WORK REQUEST — From the first line to the last, restate the data exactly, leaving out the images.

THE DATA —
--------------------

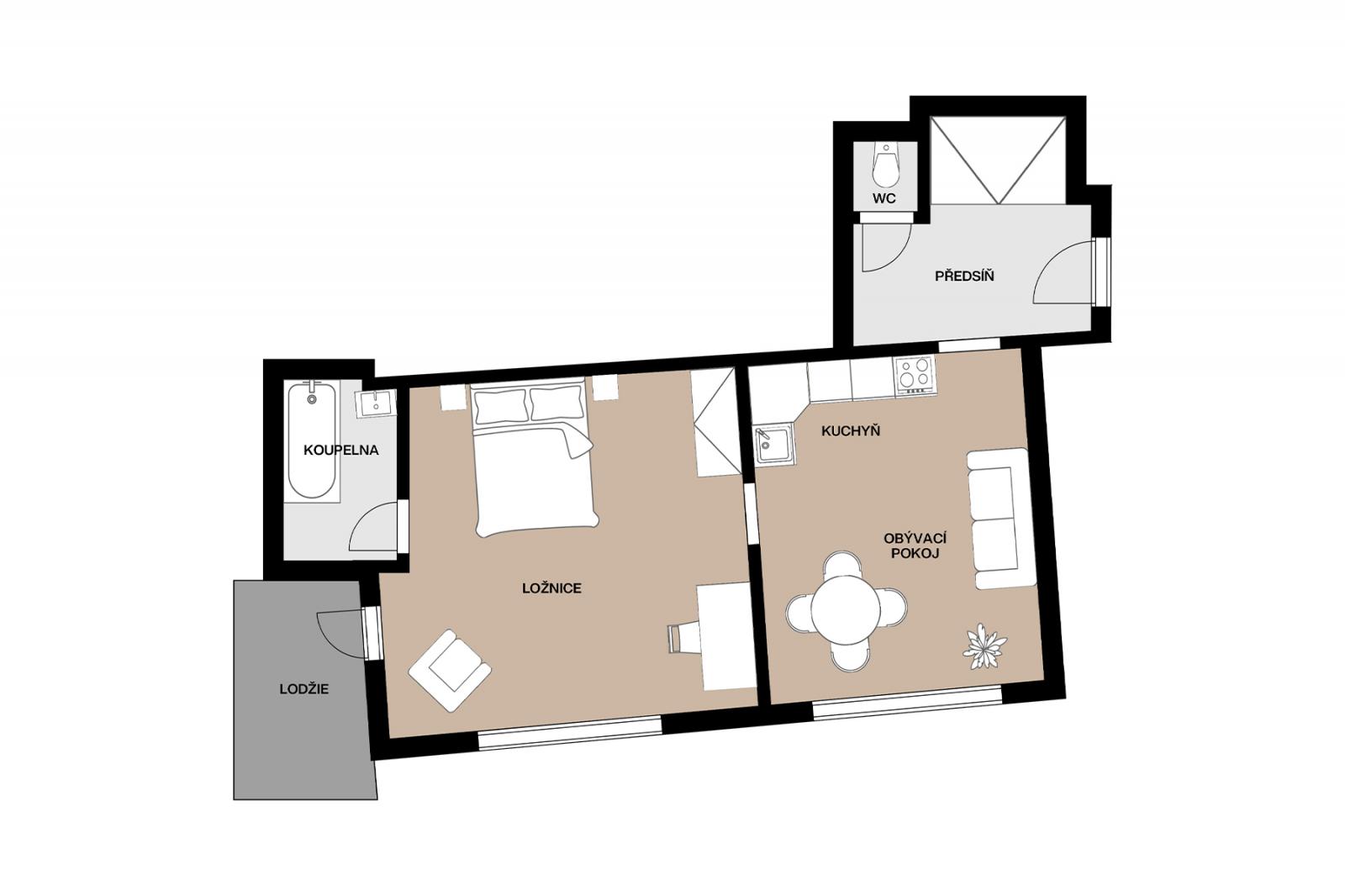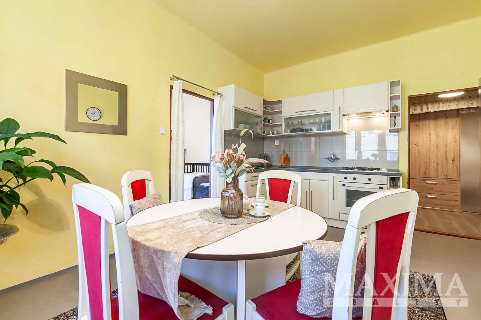 Dispozice bytu zahrnuje prostornou kuchyň o velikosti 18,1 m2, obývací pokoj o výměře 20,4 m2 s přímým vstupem na lodžii o velikosti 4,7 m2, koupelnu s vanou a prostorem pro pračku (4 m2), samostatné WC a předsíň. Byt má zděné jádro, plastová okna, rozvody elektřiny v mědi a bezpečnostní vstupní dveře. Vytápění je řešeno novými plynovými kamny WAW s výhřevnou deskou, ohřev vody zajišťuje bojler. K dispozici je sklep o velikosti 3,2 m2. V domě je zaveden optický kabel pro vysokorychlostní internet a parkování je možné v okolí domu. Měsíční zálohy do SVJ včetně fondu oprav činí 2.110 Kč, elektřina a plyn jsou hrazeny samostatně dle spotřeby.
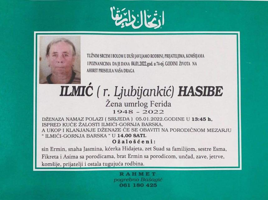 Dženaza namaz polazi u srijedu 05.1.2022., u 13:45h, ispred kuće žalosti Ilmići - Gornja Barska. Ukop i klanjanje dženaze će se obaviti na porodičnom mezarju "Ilmići - Gornja Barska" u 14:00h.
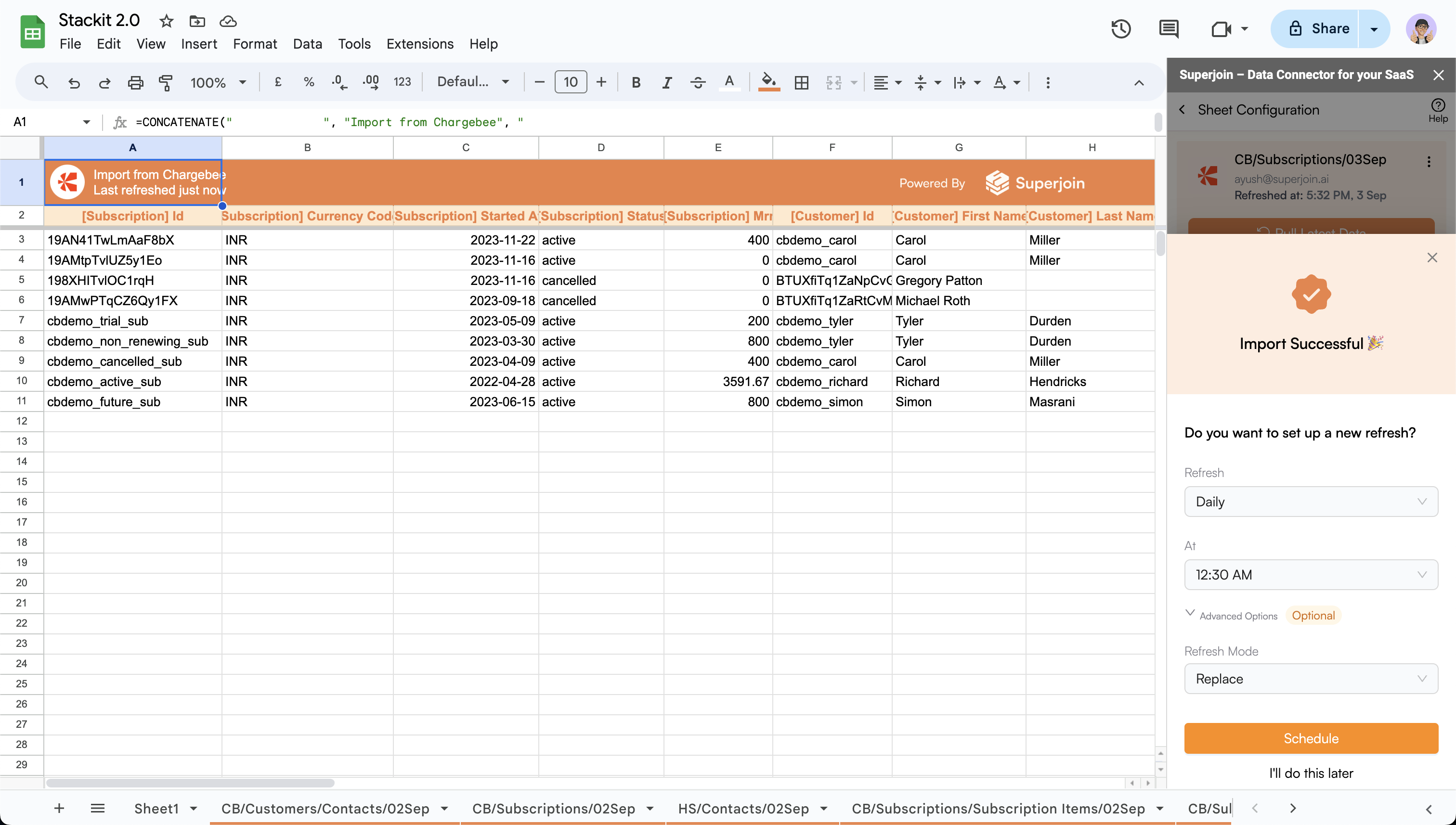 After a successful import, a drawer will open up with the option to create a scheduled refresh.

--------------------

EXERCISE SOLUTION —
 Dispozice bytu zahrnuje prostornou kuchyň o velikosti 18,1 m2, obývací pokoj o výměře 20,4 m2 s přímým vstupem na lodžii o velikosti 4,7 m2, koupelnu s vanou a prostorem pro pračku (4 m2), samostatné WC a předsíň. Byt má zděné jádro, plastová okna, rozvody elektřiny v mědi a bezpečnostní vstupní dveře. Vytápění je řešeno novými plynovými kamny WAW s výhřevnou deskou, ohřev vody zajišťuje bojler. K dispozici je sklep o velikosti 3,2 m2. V domě je zaveden optický kabel pro vysokorychlostní internet a parkování je možné v okolí domu. Měsíční zálohy do SVJ včetně fondu oprav činí 2.110 Kč, elektřina a plyn jsou hrazeny samostatně dle spotřeby.
 Dženaza namaz polazi u srijedu 05.1.2022., u 13:45h, ispred kuće žalosti Ilmići - Gornja Barska. Ukop i klanjanje dženaze će se obaviti na porodičnom mezarju "Ilmići - Gornja Barska" u 14:00h.
 After a successful import, a drawer will open up with the option to create a scheduled refresh.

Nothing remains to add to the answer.